Ткачев спрашивает – где? Она отвечает и тут же добавляет, что место очень хорошее.
Он спрашивает: в каком смысле очень хорошее?
– Реки нет, – отвечает она. – Все-таки это спокойней. После случая с мужем суеверной стала.
Пауза.
– Мальчики? – спрашивает Ткачев. И угадывает.
– Да. Кончили девятый. И сразу же в спортлагерь – ничего другого и слышать не хотят!
– То есть как – оба девятый?
– Они близнецы.
– Как интересно!
К счастью, это и действительно его как бы обогащает чем-то и удивляет. Хотя есть вещи и более удивительные, чем близнецы у твоей знакомой. Но ведь любопытно. И отчасти возникает выползшая из каменного века и мохнатых шкур, первобытная и дотянувшаяся до нас радость. Не будь этого, Ткачев не посмел бы быть веселым, а тут он смеется и говорит, чувствуя, что он все-таки не сфальшивил и фальшивить не станет.
– Как интересно!.. Близнецы? Мальчики?
– Да.
И женщина в долю секунды постигает, что он искренен, и тут же оба они (разрядка) смеются.
– Ну что, что здесь смешного? – говорит Геля и смеется.

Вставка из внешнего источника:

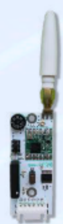
RF RECEIVER РАДИОПРИЕМНАЯ ПЛАТА

– А ничего, – говорит он и смеется.
Вот тут и случается, что он притягивает Гелю к себе, – она, конечно, отворачивается, убирает и губы, и лицо, но это уже ничего не значит. Они стоят, прижавшись друг к другу, и обоим все ясно. Хотя лицо к нему Геля так и не поворачивает.
– Отпусти, – шепчет она.
– Да, – шепчет он. И конечно же, не отпускает. Но и не удерживает силой. И с полминуты они так стоят, и сейчас он уйдет.
* * *
Через двадцать пять минут (вся дорога) он уже дома.
– Прекрасные три комнаты. Раздельные. И лоджия во двор, – с ходу рассказывает Ткачев. И перебирается из ботинок в шлепанцы. Не теряет времени.
– Радостный ты очень, – говорит жена.
И сначала Ткачев не понимает, куда ветер, – грешен слегка, потому и не понимает.
– Почему же не радоваться, если квартира этого заслуживает. Великолепный пол. Прекрасные три комнаты…
– Перестань.
– Почему?
– Ты похож на… на купчика!
Теперь Ткачев понимает.
Он замолкает. Молчит. Потому что знает свою жену – она, конечно, бывает разной, но сейчас она чистенькая девочка в белом платьице, чтобы все люди видели, как она умеет слушаться маму и тетю Пашу. И с мальчишками она не водится, ведь они могут замарать ее новые туфельки.
Жена тихо произносит:
– Я думала, тебе тяжело будет. Осматривать жилье… обсуждать – и все такое.
– Жилье горем не пахнет.
– Разве?
Потом она спрашивает:
– Ну а Геля?.. Как она?
– Нормально.
– Она не очень переживала?
– Я же не рылся в их вещах. Походил по комнатам, вот и все.
– Совсем не переживала?
– Нет… Немножко даже кокетничала со мной.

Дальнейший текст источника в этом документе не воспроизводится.